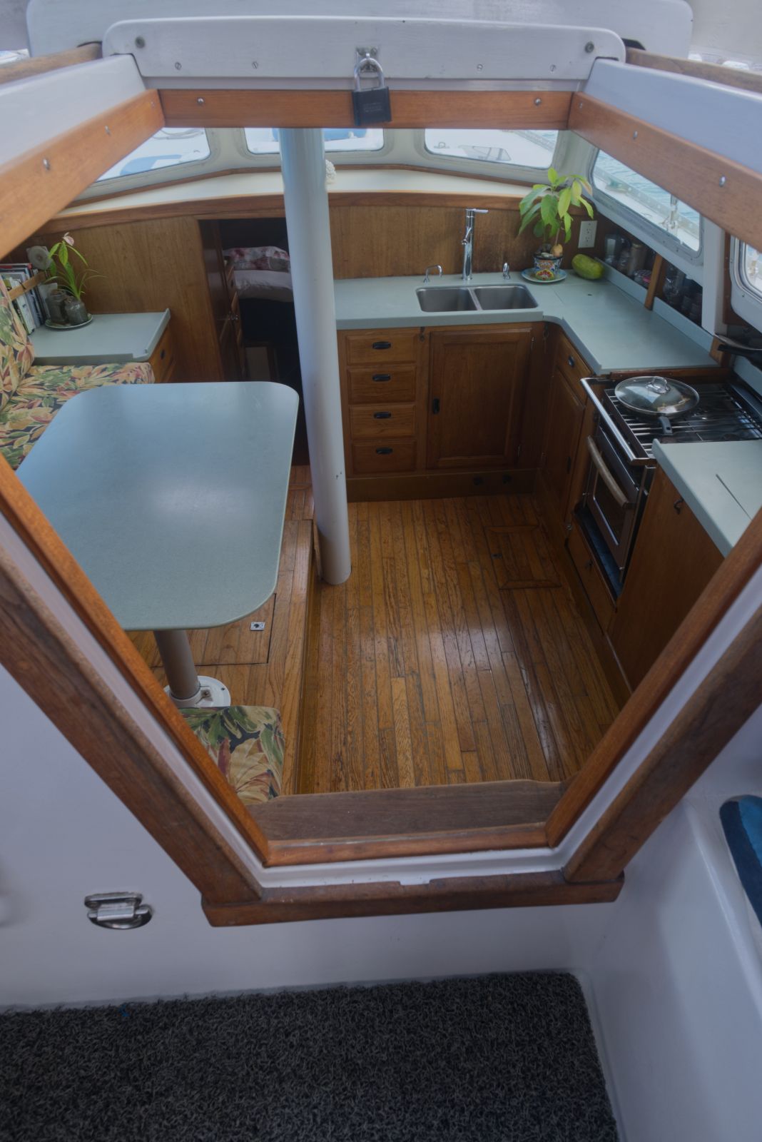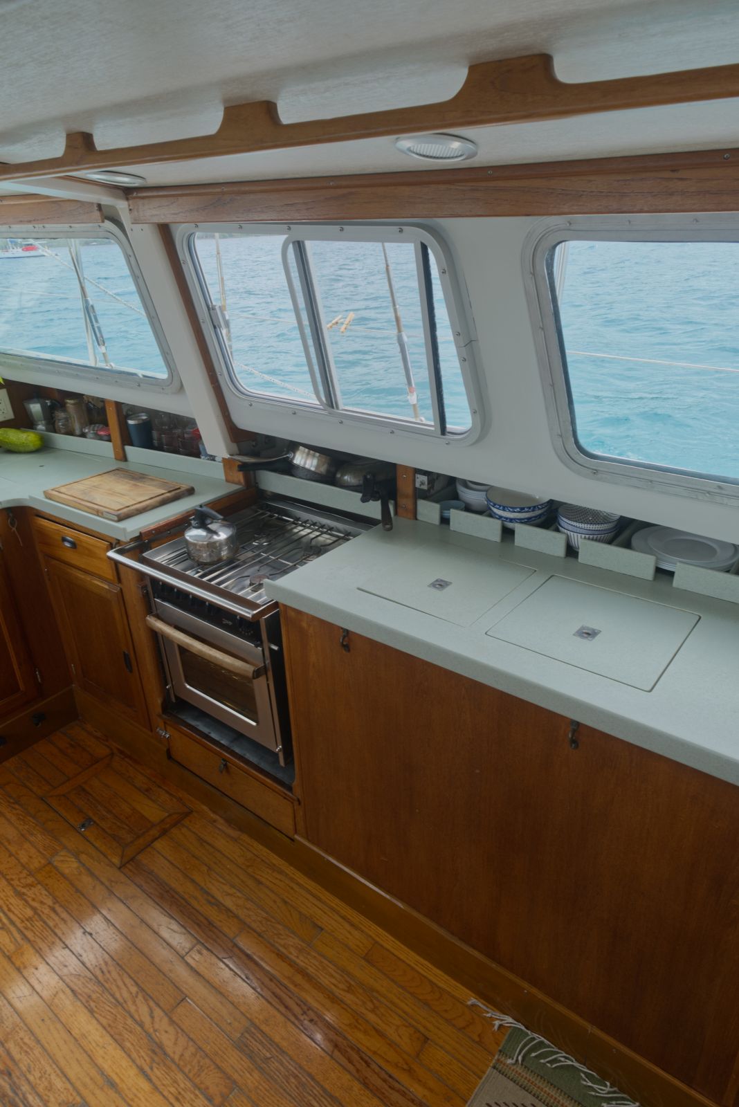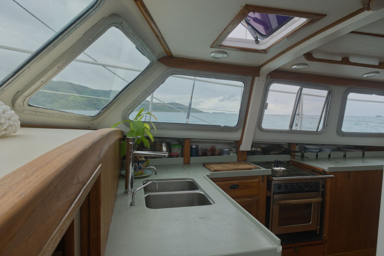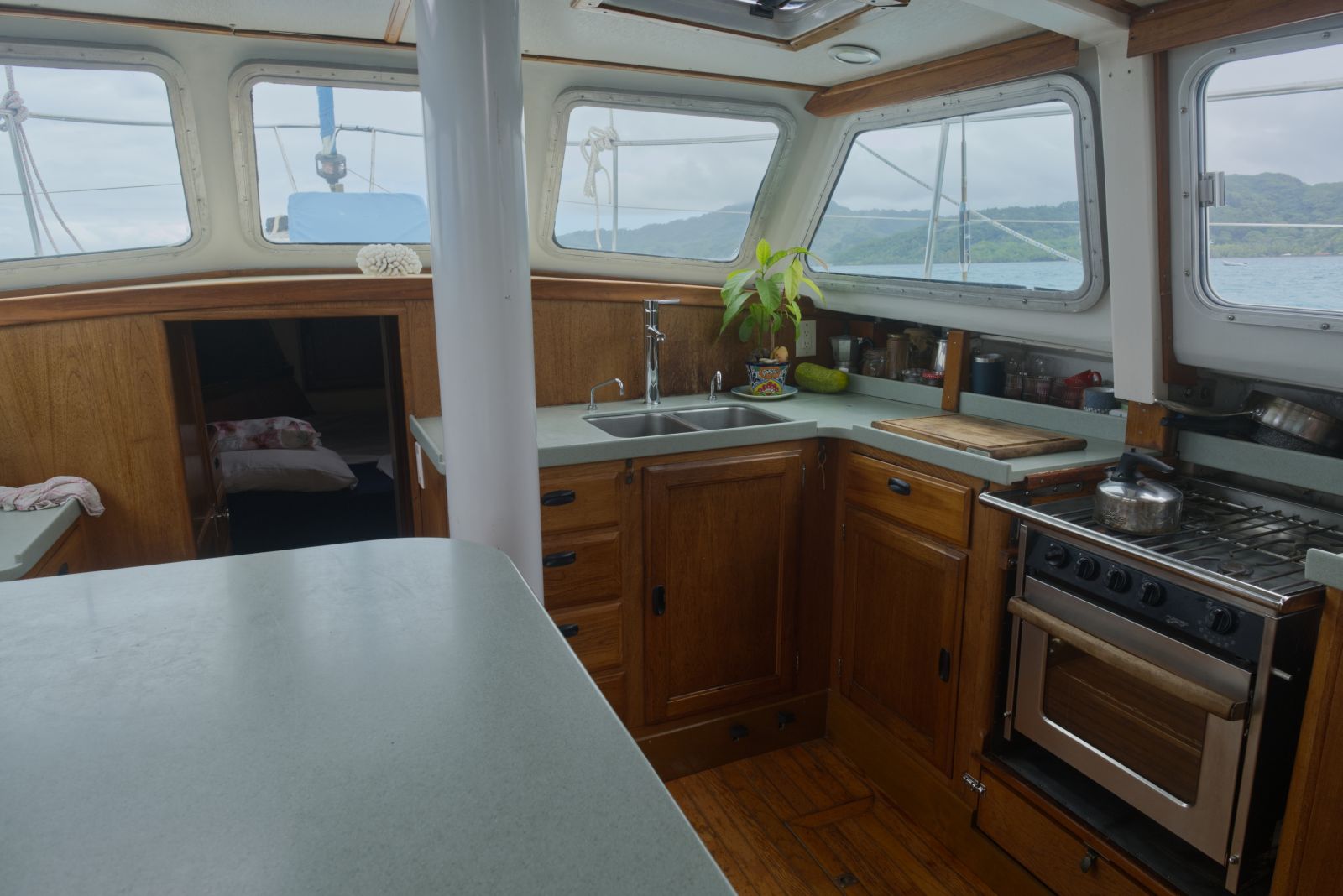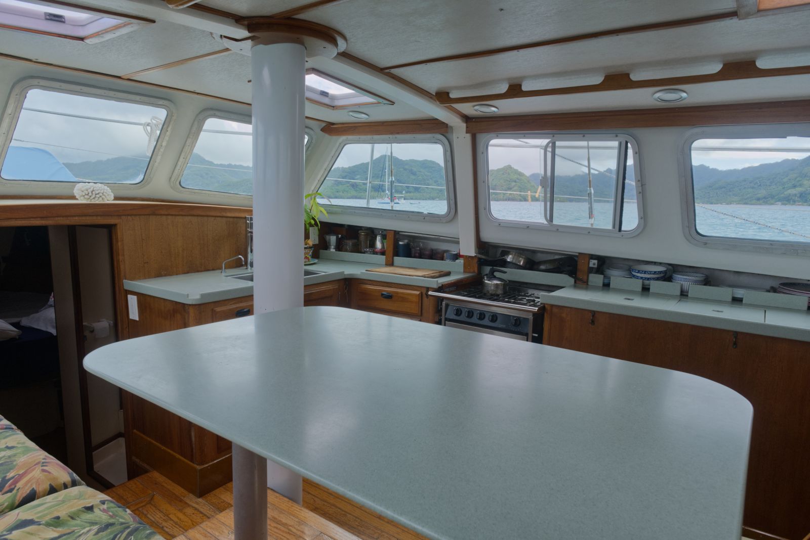 The galley is located to starboard in the saloon and offers generous Corian countertop space for meal preparation. A deep double stainless-steel sink with a new faucet is set into the forward counter. A saltwater foot pump at the starboard sink allows for pre-rinsing dishes to conserve fresh water, while a separate foot pump at the port side delivers carbon-filtered fresh drinking water from the tanks. Outboard of the counter, open lockers with stoppers provide convenient storage for dishes and everyday essentials. Below the sink are drawers and a dedicated trash bin.
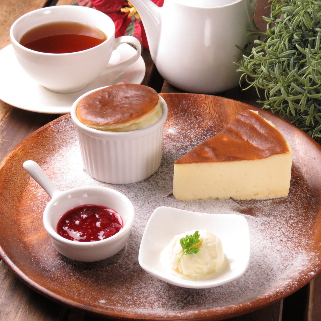 店内お召し上がりでは、オリジナルベリーソースとアイスクリームを添えてご提供!温かいチーズケーキと冷たいアイスの絶妙なコラボをお楽しみください。
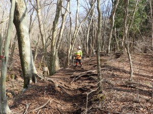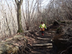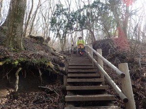 | 谷間を横断 | ここにもマンサクが | 木の階段 |
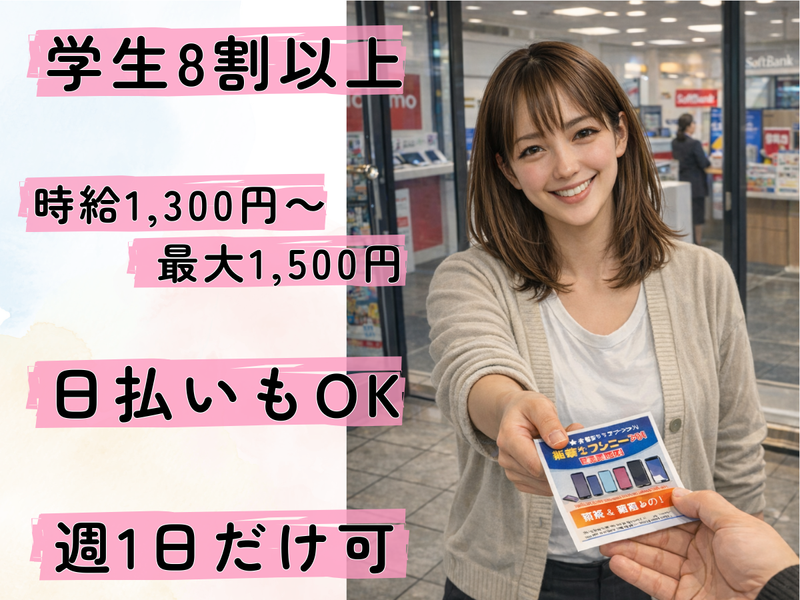 仕事内容 【就活前に社会経験を積みたい方へ】 ✨大学3年生におすすめのイベントバイト✨ 就職活動が本格化する前に、 社会人として必要なコミュニケーション力や 現場対応力を身につけたい方に最適。 接客を通じて社会経験を積みながら、 効率よく収入も確保できます。 \\ このお仕事のポイント // ✅土日祝のみのお仕事(平日は無し) ✅在籍スタッフの約8割が大学生 ✅未経験スタートでも【時給1,300円~】 ✅勤務回数や習熟度に応じて【最大1,500円まで昇給】 ✅1日単位で働けて【日払い対応】 ✅電車代・ガソリン代など【交通費は全額支給】 ✅予定に合わせて働ける【自由シフト制】 ―――――――――― ★働き方の特徴★ 短時間・週1勤務OK 土日祝のみOK スキマ時間を収入にできる 登録制だから予定に合わせて働ける ―――――――――― 新潟県内で携帯電話・スマートフォン、 TVゲームやトレーディングカードを扱う 専門店を14店舗展開する 「COMG!(コング)」にて、 イベント運営をサポートするスタッフを募集中! 人と接することが好きな方、 にぎやかな雰囲気の中で働きたい方にピッタリ。 「春休み・夏休みだけ」「予定が空いた日だけ」などの スポット勤務も大歓迎です! - 【仕事内容】 新潟県内の「COMG!(コング)」各店舗前で、 お子様向けグッズやチラシを配布しながら イベントへのご案内を行います。 ご来店後は、 専門の担当スタッフへバトンタッチすればOK。 慣れてきた方には、 携帯料金の見直し案内やプラン比較などにも チャレンジ可能。 成果に応じてインセンティブも支給されます。 ※ノルマや押し売りは一切ありません。 明るく前向きなメンバーが多く、 年齢や立場に関係なく話しやすい職場環境も 当社の特長です。
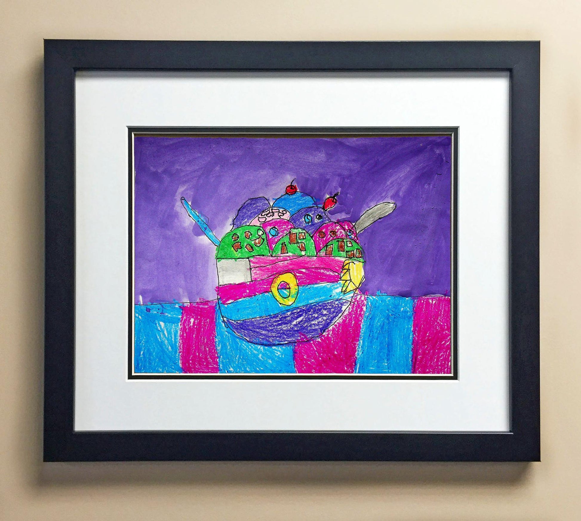 Included with the purchase is the Students Artwork, Frame, double matboard, shatter proof plexiglass, and a ready to hang backerboard with turnbuttons
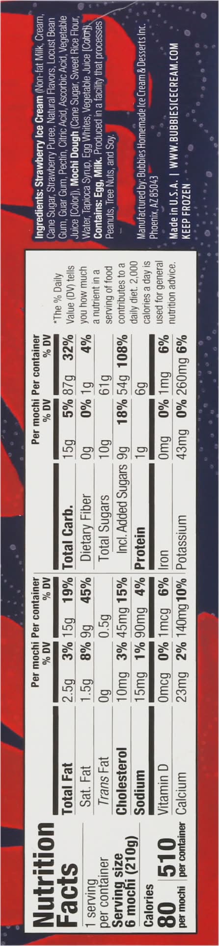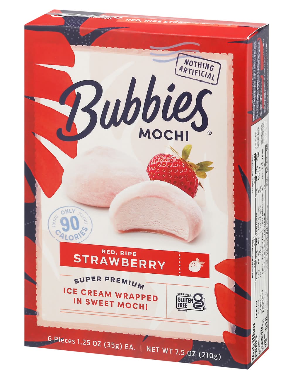 Ice cream wrapped in sweet mochi. Nothing artificial. Surprisingly soft, delightfully chewy mochi. Rich, creamy super premium ice cream. And with the best ingredients, the highest standards, and just the right amount of real red ripe strawberry in every bite, each piece is a perfectly portioned ticket. Let’s go. No rBST (Milk from cows not treated with rBST. No significant difference has been shown between milk derived from rBST treated and non rBST treated cows). • Flavor: Red, ripe strawberry • Pack size: 6 • Bubbies Homemade Ice Cream & Desserts Inc., Phoenix, AZ, 85043 • Packaging: Reusable
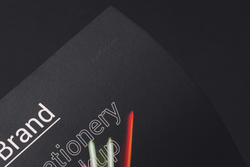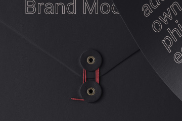 图穷联素材库 » 一套黑色简约风信封和标签样机 Psd Letter Envelope Mockup
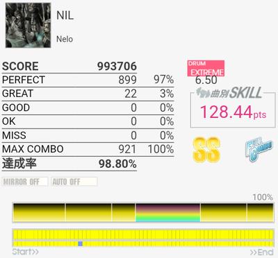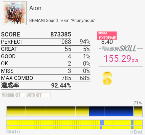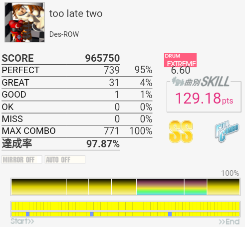 フルコン。HT×3とかばかりなので苦手。譜面を全然覚えていないので両手タム連打もよく反応できたと思う。

⁂

> [TASK]
Return exactly what appears from the opening line of the material through the line with "ここにもマンサクが | 木の階段 |", apart from the pictures.

> [THE ANSWER]
 The galley is located to starboard in the saloon and offers generous Corian countertop space for meal preparation. A deep double stainless-steel sink with a new faucet is set into the forward counter. A saltwater foot pump at the starboard sink allows for pre-rinsing dishes to conserve fresh water, while a separate foot pump at the port side delivers carbon-filtered fresh drinking water from the tanks. Outboard of the counter, open lockers with stoppers provide convenient storage for dishes and everyday essentials. Below the sink are drawers and a dedicated trash bin.
 店内お召し上がりでは、オリジナルベリーソースとアイスクリームを添えてご提供!温かいチーズケーキと冷たいアイスの絶妙なコラボをお楽しみください。
 | 谷間を横断 | ここにもマンサクが | 木の階段 |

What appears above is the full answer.